How important do you think it was to hear
from doctors who specialize in addiction?
It was very important because we have,
I think this is the first generation, really,
understanding how harmful these platforms are.
When social media first started,
it was sold to us as nothing but a net good.
It's this way of connecting all of us.
It's this way of sharing your life with all of your loved ones.
It's a way of expanding your social network.
It was nothing but only benefit.
And now we're realizing that there was a far more dark
and sinister side to all of this.
But we had to realize it by having that generation
that grew up with it grow up
and start to realize that there was this shift.
Now we see an epidemic in this country
of young people who are needing therapy,
who have social anxiety,
who are under medication
for all of these types of mental
and emotional health issues that we didn't see before.

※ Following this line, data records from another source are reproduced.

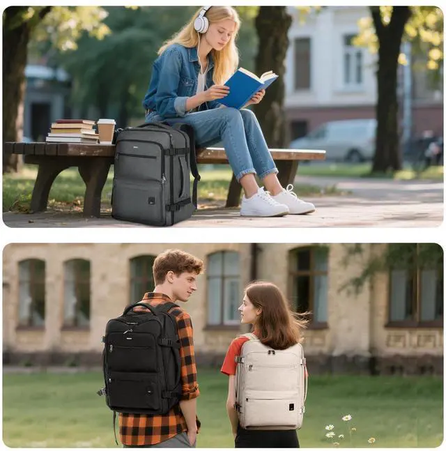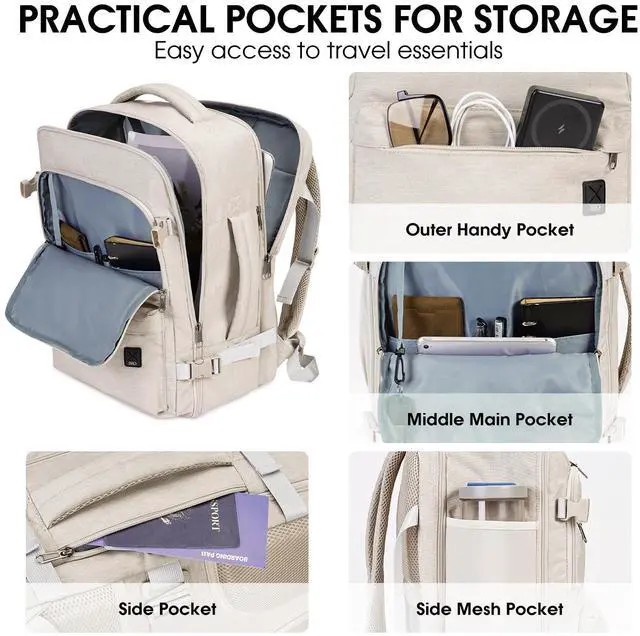 SPACIOUS WITH THOUGHTFUL ORGANIZATION The main compartment includes elastic straps for clothes or shoes, while the middle pocket organizes books, pens, and small gadgets. Front and side zip pockets offer quick access. A hidden anti-theft back pocket helps keep your valuables secure and organized on the go with this versatile travel backpack.
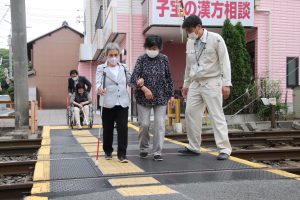 体験会には、県視覚障害者福祉協会や市障害者団体協議会のメンバーら12人が参加した。松木平初代さん(75)は「まだ慣れないので、一般の道路と踏切を区別することが難しかった」と話した。
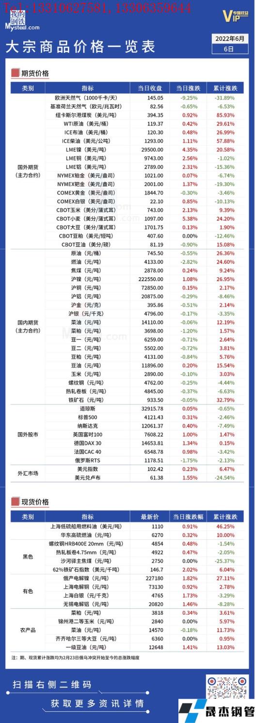 免責(zé)聲明:本網(wǎng)站(山東聊城晟杰無(wú)縫鋼管廠www.subnucleon.com)刊載的“俄烏局勢(shì)丨大宗商品價(jià)格一覽表(6月6日)”等均源于網(wǎng)絡(luò),版權(quán)歸原作者所有,且僅代表原作者觀點(diǎn),本文所載信息僅供參考。轉(zhuǎn)載僅為學(xué)習(xí)與交流之目的,如無(wú)意中侵犯您的合法權(quán)益,請(qǐng)及時(shí)聯(lián)系刪除。本網(wǎng)站刊登此篇文章并不意味著本站贊同其觀點(diǎn)或證實(shí)其內(nèi)容的真實(shí)性,我們不對(duì)其科學(xué)性、嚴(yán)肅性等作任何形式的保證。如果侵犯了您的版權(quán),請(qǐng)盡快聯(lián)系我們予以撤銷(xiāo),謝謝合作!
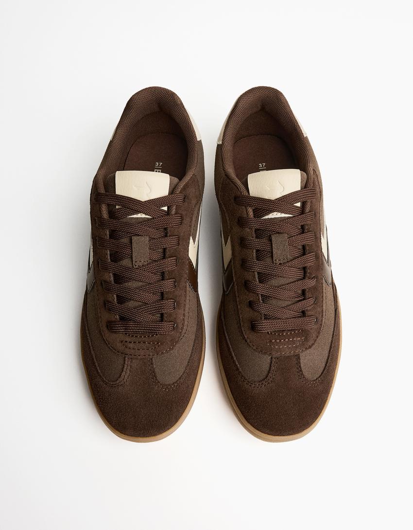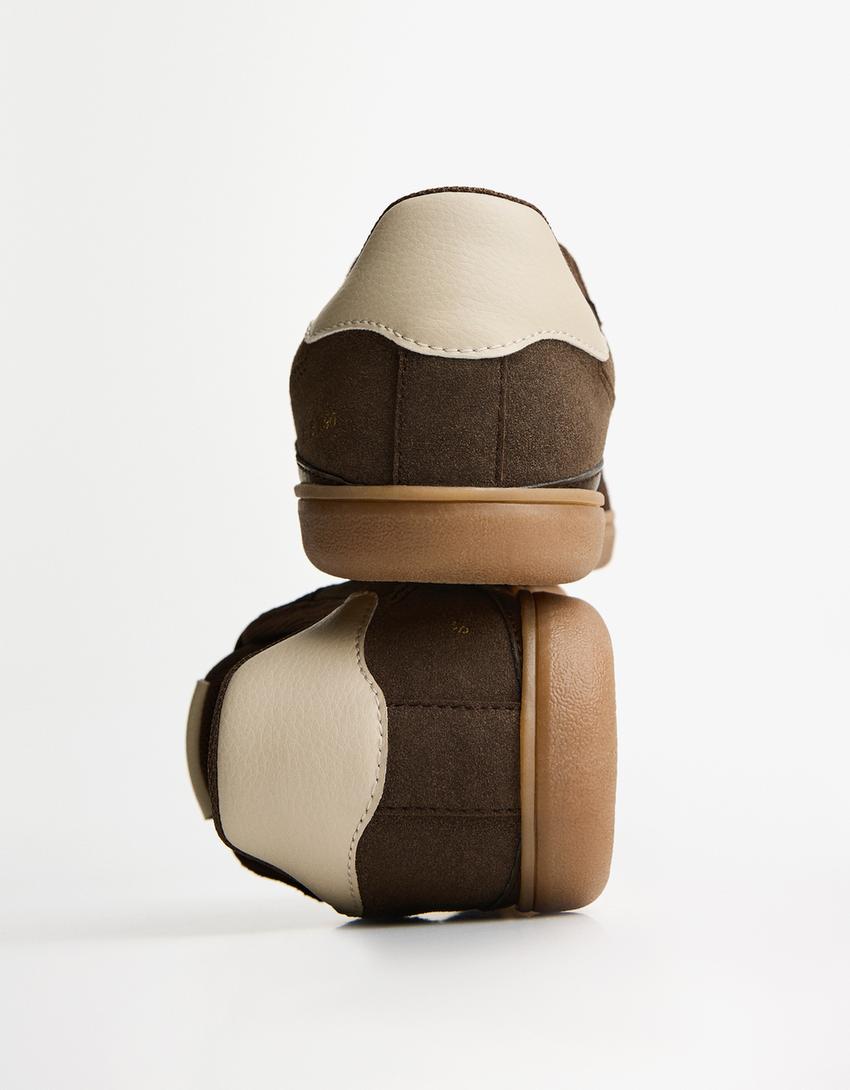 Baskets au style rétro avec design moderne et semelle résistante. La tige en polyuréthane et cuir de vache offre robustesse et confort, tandis que la doublure et la semelle intérieure recyclées assurent un choix plus durable. La semelle extérieure contient au moins 35% de styrène-butadiène recyclé certifié RCS.

And when you can track that all back to the advent
and explosiveness of social media taking over their lives,
that's a pretty powerful stuff.
Yeah, social media isn't a pill.
It's not something you put in your body.
It's not something you smoke.
And so while we know this was sort of a novel legal effort here,
it does also make you wonder about why it's so convincing
that something on a tablet or a phone screen
could be deemed addicting.
We heard a lot about like slot machines and dopamine.
What is it about this?
Do you think you gleaned from listening to the evidence
that sort of might have tipped jurors to be like,
yeah, this isn't a drug or a drink, but it counts.
Well, I think because of it has,
though it's not a drug or drink,
it has the same physiological response from your body,
that if you are getting a dopamine hit from a pill
or from alcohol,
and you're also receiving a similar injection of dopamine
from your own brain in response to this platform
from looking at a tablet, from interacting with people,
and therefore you want to continue to come back to it,
that is addictive.
And then you have the algorithm,
the providers, the actual program writers of this,
realizing that and trying to play into that.
Oh, people are finding this is something they want to return to.
They get a pleasure response by returning to it.
Let's continue to remind them of it,
continue to give them excuses and reasons
to return to the platform,
and when on the platform to stay on the platform.
So I think it was certainly something that jurors
were able to wrap their heads around.
You're calling this addictive,
and you're telling us that young people
are spending not just minutes, hours on it,
to the detriment of their own health.
That's something they can really start to figure out.
Now this LA trial was a bellweather, right?
What does this finding mean for the thousands of other cases
waiting in the wings on the exact same issues and matters here?
No, you're exactly right.
There were a lot of other people waiting.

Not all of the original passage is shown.